Don’t Be That Guy at the Rock Show – Part III

by That Guy on December 20, 2011

A couple years ago we did a two-part series about the proverbial “that guy” at the rock show. You all know him – he comes in many varieties, but is always disruptive to your music experience. I’ve had a little more time to think about it, and I’ve come up with a few more people that I hate at the Rock Show.

The Only Guy in the Crowd That’s Dancing (and He’s Dancing Right Next to Me)

This happened to me at a Felice Brothers show once. Some bag of D was dancing like Fred Astaire to every single Felice Brothers song and bouncing into me. As I always say, the only way to fight dancing is with 1) harder dancing, or 2) rotten egg farts.

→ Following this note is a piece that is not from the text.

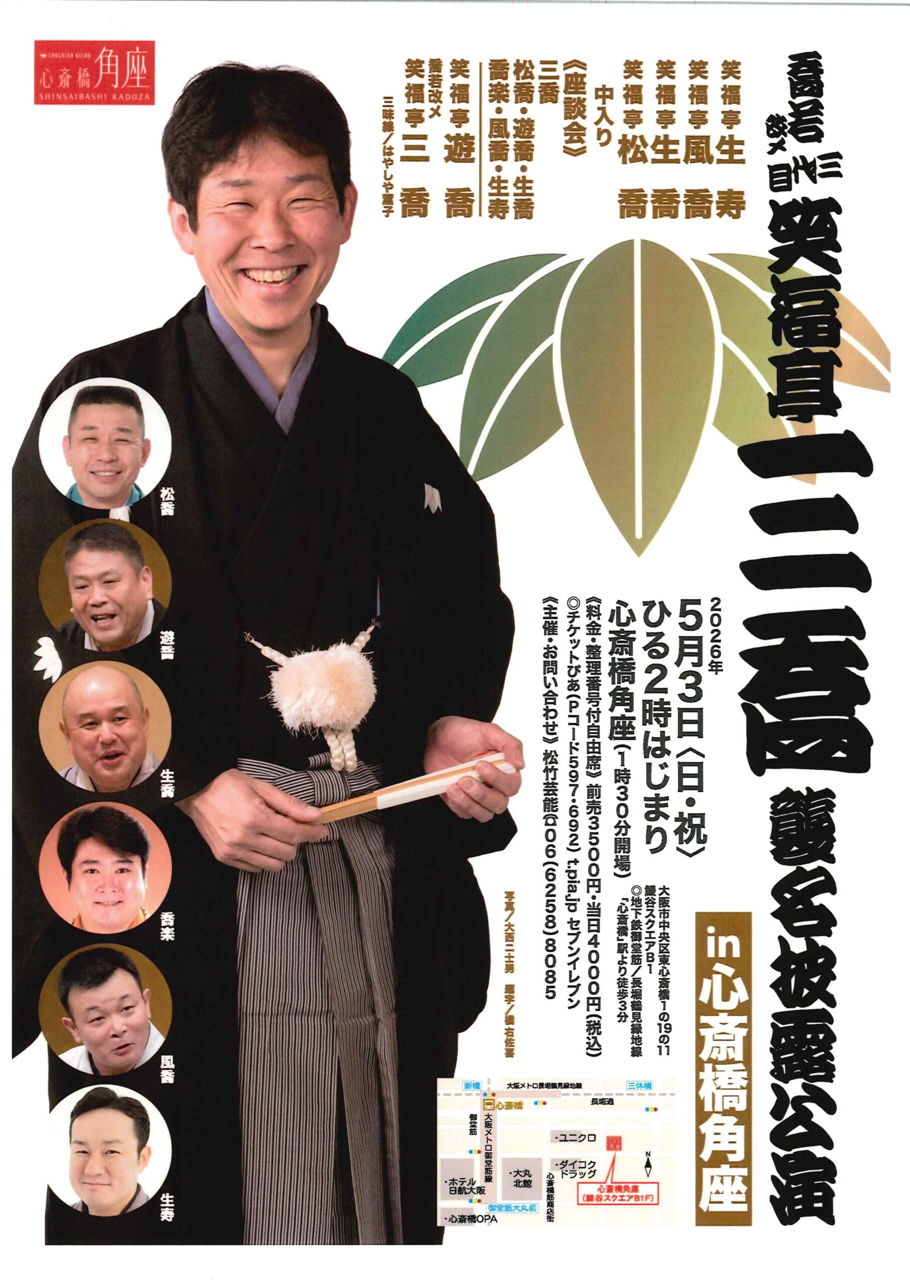 喬若改メ三代目笑福亭三喬襲名披露公演in心斎橋角座 笑福亭風喬笑福亭遊喬笑福亭生寿笑福亭生喬笑福亭喬楽笑福亭三喬(三代目)笑福亭松喬 access_time 2026.05.03 シェア 送る ツイート 公演概要 公演日時 2026年5月3日(日・祝)14時開演(13時30分開場) 場所 心斎橋角座(大阪市中央区東心斎橋1-19-11鰻谷スクエアB1) ◇地下鉄御堂筋線/長堀鶴見緑地線「心斎橋」駅より徒歩3分 出演者 笑福亭 三喬 笑福亭 松喬 笑福亭 遊喬 笑福亭 生喬 笑福亭 喬楽 笑福亭 風喬 笑福亭 生寿 料金 前売 3500円 当日 4000円 お問い合わせ 《松竹芸能》 ℡06-6258-8085 « 前へ一覧へ 次へ » 直近の落語会情報 2026年04月10日 アビリーンで九雀の日 桂九雀 2026年04月10日 新・動楽亭のりょうば 入門十周年スペシャル 桂りょうば桂南光桂弥壱 2026年04月11日 喬若改メ 三代目笑福亭三喬 襲名披露公演 小浜公演 笑福亭三喬笑福亭喬介桂二葉笑福亭松喬笑福亭喬龍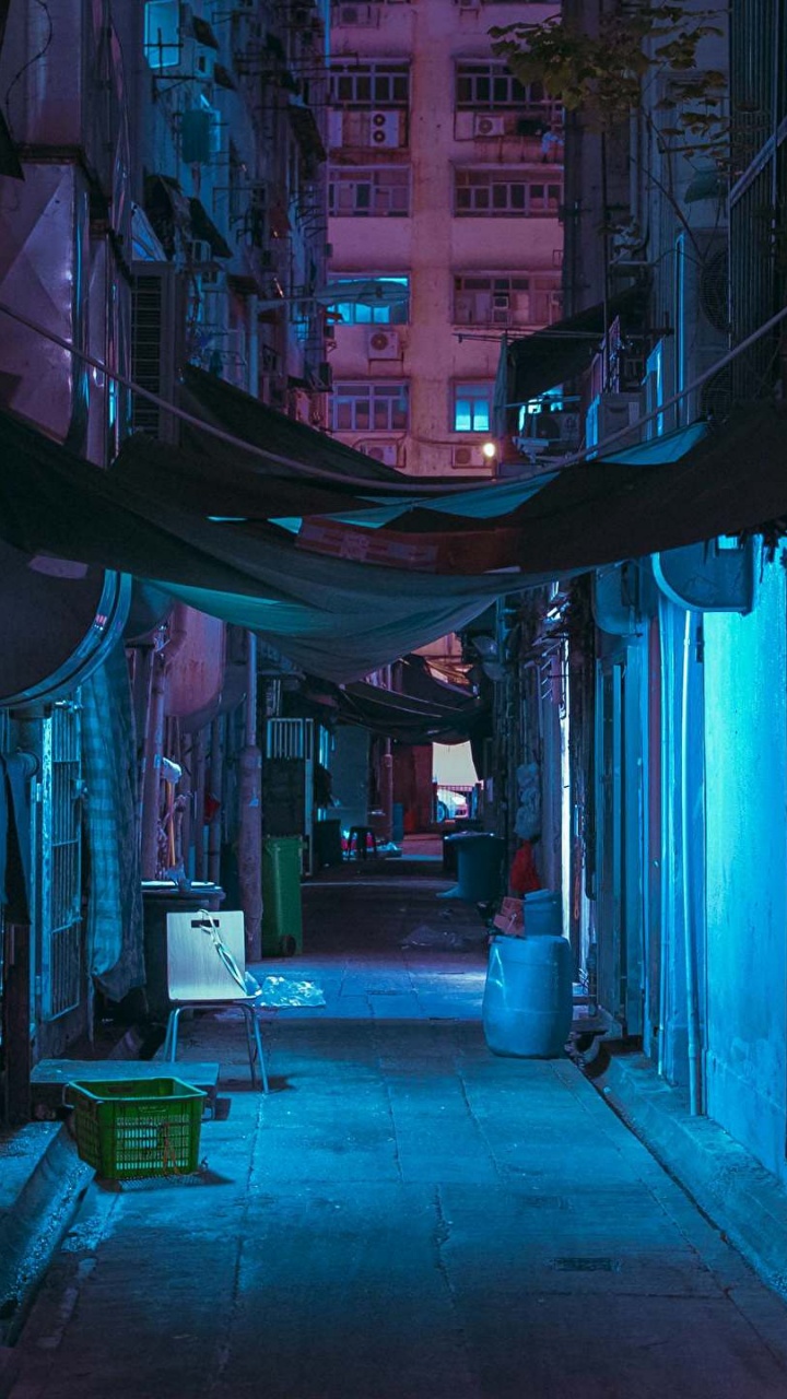 Обои синий, аллея, улица, темнота, полночь для HD Samsung Galaxy S3/J3/J4/J5, Meizu M5, Sony Xperia L1/L2, заставка, 720x1280 картинка

The Superfan Who Has Something to Prove

I hate the Superfan Who Has Something to Prove. As noted in Part II, they’re always shouting out suggestions of obscure song names from the album no one bought. What’s worse is they feel the need to prove that they’re a bigger fan than you are, so they passionately sing the words to every song. Especially the bad songs. And they’re usually the proud owner of a tablature site.

The Mom Who Brings Their Small Child to the Rock Show

Noah’s mom aside, this is not a good idea. Just because you had such great luck finding a man at your last rock show doesn’t mean you should bring the child you conceived there to every other rock show you attend. Wafting pot smoke, loud noises, alcohol, tobacco smoke, armpit sweat, and cropdusted farts are not good for your 18-month old.

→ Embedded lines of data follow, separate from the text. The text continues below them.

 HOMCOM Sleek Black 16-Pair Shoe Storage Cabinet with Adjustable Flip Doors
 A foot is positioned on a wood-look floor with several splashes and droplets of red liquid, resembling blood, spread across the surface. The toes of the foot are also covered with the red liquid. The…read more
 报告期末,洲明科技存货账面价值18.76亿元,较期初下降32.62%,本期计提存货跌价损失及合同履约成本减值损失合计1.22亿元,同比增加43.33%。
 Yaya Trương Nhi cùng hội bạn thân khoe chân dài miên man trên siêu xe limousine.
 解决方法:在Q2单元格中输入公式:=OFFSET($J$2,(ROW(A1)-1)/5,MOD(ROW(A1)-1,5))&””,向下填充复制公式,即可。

The Guy Who Cheers when the Lead Singer Curses

“This song is dedicated to the bastard that married my momma”. Wooooooooo!!!! Cursing is cool!!! I love cursing!!!! Best show ever!!!!!

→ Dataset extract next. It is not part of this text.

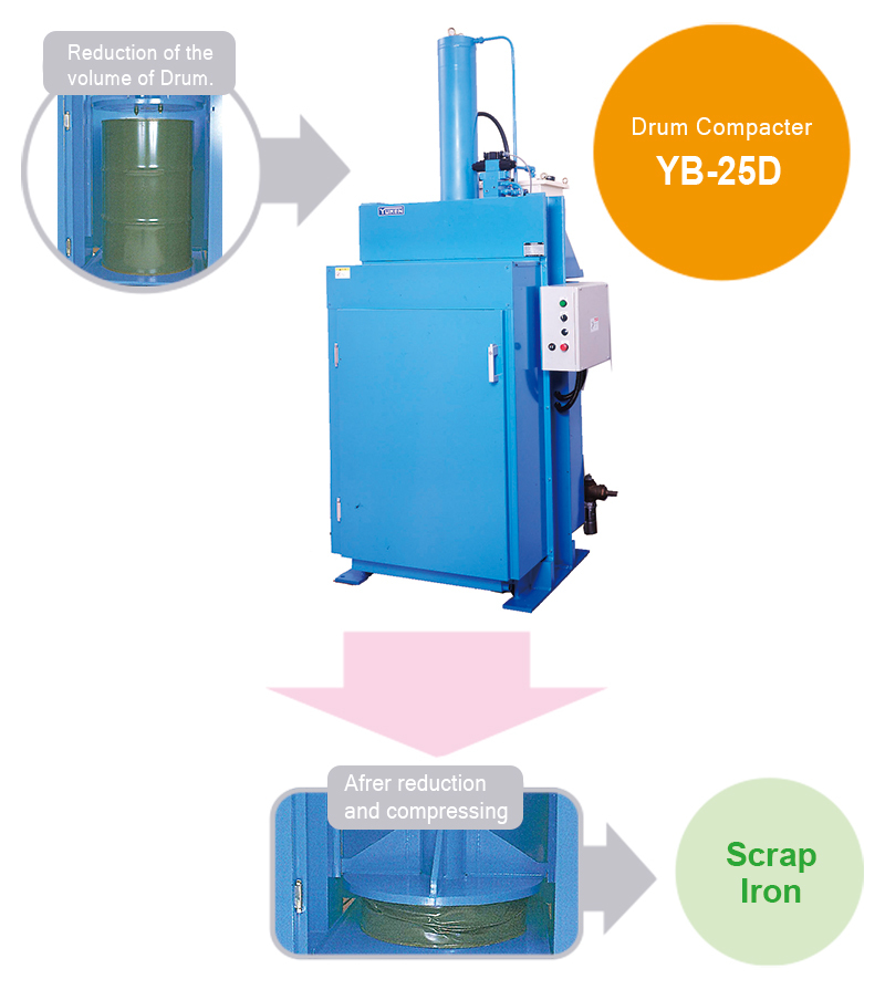 The Yuken Drum Compactor is the ideal solution for cost-effective disposal/recycling of large quantities of waste metal drums.

The Guy Who Cheers when the Lead Singer Mentions Drugs

Woooo!!!! Hey everyone within earshot of me – I DO DRUGS!!!!!!!!!!!!!!!!!!!!!!!!!!

The Guy Who Literally Stands 4 Inches in Front of You

This guy is very similar to the Close Talker popularized on Seinfeld, but instead of his face you get the back of his head about 4” from your chin. There are times when this has happened and I don’t even have enough room to lift my ice cold delicious beer up to my pie hole.

The Girl Who is a Little Too Into One Peripheral Member of the Band

This one always cracks me up. This girl always drags a couple of her friends to the show real early so she can get a spot in the front row right by said band member. It’s typically the worst musician in the band, and the girl just stares at him the entire show and thinks about how great it would be to be his girlfriend and get cheated on all the time.

Happy rock showing. Stay safe out there.

{ 7 comments… read them below or add one }

Buzzman3535 December 20, 2011 at 11:27 am

great list,

dont forget the “way too aggressive bouncer guy” at the show yelling at people for standing in traffic lanes.

and the uber annoying “totally drunk and stoned guy” who is standing there usually right next to you or in front of you…swaying trying to keep upright. Inevitbably your attention goes to “can this guy make it through this song” instead of listening to the band. Yes, I’m sure I have been that guy more than once, but when its not me…its really annoying.

BNEV December 20, 2011 at 7:03 pm

The guy who backs right up on you…yes! He has like two rows of room in front of him but insists on backing up onto me, bobbing his head and almost headbutting me over and over. I am an offender of many things for sure but this habit is quite aggravating.

Josh December 21, 2011 at 11:47 am

For me it’s “The couple who decide to get it on…the whole show”.

I don’t mind showing a little affection to your significant other, but I can’t tell you how many times I have seen people on the verge of having sex in front of me. I just don’t understand it, if you want to make out… go home, put on the album and go to town… but why at the show?

The Colonel December 21, 2011 at 12:44 pm

Pretty funny list but I am very disappointed by your lack of appreciation for dancing. People should always be dancing, and if there is only one person dancing at a show then you really ought to be annoyed by those who are not.

DiscoSucks December 21, 2011 at 1:21 pm

I have come across the “Guy who stands 4 inches in front of you” at several shows. My fool proof technique is to breathe really heavy at his neck. Usually they are too weirded out to turn around. Works like a charm.

oz December 21, 2011 at 5:32 pm

I’m always taller the guy 4 inches in front of me and he usually has a curly mop of hair that keeps touching my mouth. That hot breathing technique is a good one. I’ve learned to keep one forearm out as if I’m holding an imaginary shield or protecting my dribble in basketball. I may also try spilling some beer down his ass-crack if there’s enough room in the 4-inches of separation.

Laura December 27, 2011 at 9:48 am

“I may also try spilling some beer down his ass-crack if there’s enough room in the 4-inches of separation.”

Haha! Classic.

So true about the daydreaming fan girls at every show ogling over that “one” band member. All the giggling gets annoying really quick if you’re *right* behind them, and I swear they should place fucking buckets next to their seats to catch all the incessant drooling.